Miami courts

Spence-Jones case gets new life as judge who ruled she can’t run steps aside

Clearly angry that his court case had become political theater, a judge on Tuesday removed himself from the case of a Miami city commissioner who is seeking a third term in office.

Ignoring pleas from attorneys to be heard, Miami-Dade Circuit Judge Jorge E. Cueto stormed off the bench after reading a four-page ruling recusing himself from the case involving Miami Commissioner Michelle Spence-Jones.

Cueto barely looked up as he read directly from the ruling he wrote to exonerate himself from claims he should have bowed out of the case earlier because of a conflict of interest. Last week, the judge ruled that Spence-Jones could not run for her commission seat a third time because the city charter limits commissioners to two terms in office.

Spence-Jones’ attorney, Bruce Rogow, filed a motion Monday afternoon claiming that in 2007, Cueto, then a public-corruption investigator in the state attorney’s office, took sworn statements in a case the state was trying to make against Spence-Jones. The case involved allegations that the commissioner had demanded kickbacks in exchange for a vote in a high-profile Coconut Grove development plan. The case fell apart, the development died and no charges were ever filed.

Cueto also took issue Tuesday with a Miami Herald story last week that said by not disclosing his connection to a prior Spence-Jones case, the judge may have ignored a Supreme Court rule regarding conflicts of interest. And he said he was bothered because The Herald received a copy of Rogow’s recusal motion a day before the court itself got it.

“After reading and hearing allegations in the media impugning this court’s judicial ethics without any party having the courtesy to serve any paper or motion on the court prior to one and one-half hours ago, this court moved… this morning to disqualify itself from any further action in this case, to avoid any taint of impropriety in the process,” Cueto wrote.

As Cueto left the courtroom, Rogow made his way to the lectern to tell the judge that he had filed the motion online Monday at 3 p.m.
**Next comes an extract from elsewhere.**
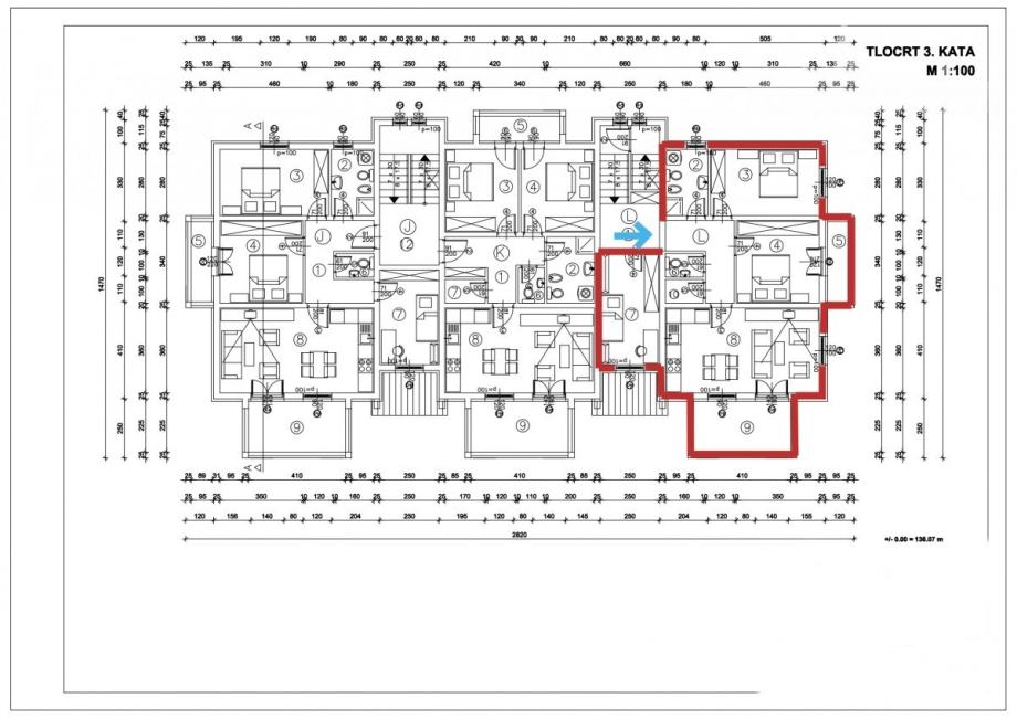 Stan se nalazi na trećem katu, ima neto površinu od 85 m2, a sastoji se od 3 spavaće sobe, od kojih jedna ima izlaz na svoju terasu, kuhinje, blagovaone i dnevnog boravka iz kojeg se izlazi na veliku terasu sa prekrasnim pogledom na more. Stan ima jednu veliku kupaonu i odvojeni wc.

But the judge was gone, and Rogow was reduced to getting it on the record with the court reporter.

Though Cueto removed himself from the case, he did not vacate his decision last week that Miami City Attorney Julie Bru was mistaken when she interpreted the city charter to say Spence-Jones could run in November for a third term. The charter, Bru said, provided Spence-Jones two full terms in office, and she had only served a portion of her second term as she successfully fought felony charges of misusing her office.

Courts spokesperson Eunice Sigler said another judge will be randomly assigned the case by computer in a day or two. The new judge will have to decide whether to leave ruling intact, modify it or hold a new hearing.

The term-limits case ended up in court after the Rev. Richard P. Dunn II, a long-time political foe of Spence-Jones, sued to keep the commissioner off the ballot in the District 5 race, in which he’s running.

Spence-Jones was out of office for 21 months, from January 2010 through September 2011, after Gov. Charlie Crist suspended her when she was charged by the state. The commissioner was acquitted of one of the charges; prosecutors dropped the second charge.

Dunn’s attorney, J.C. Planas, sent an email to Rogow back in March, before the hearing in which the judge ruled in Dunn’s favor, saying that Cueto had worked as a state prosecutor in public corruption cases in 2007.

“I bring this up because, while it is not an issue for my client or I imagine for the city of Miami, Mr. Rogow’s client has a lawsuit against the state attorney and I do not want any last-minute motions that will delay this hearing,” Planas wrote to Rogow.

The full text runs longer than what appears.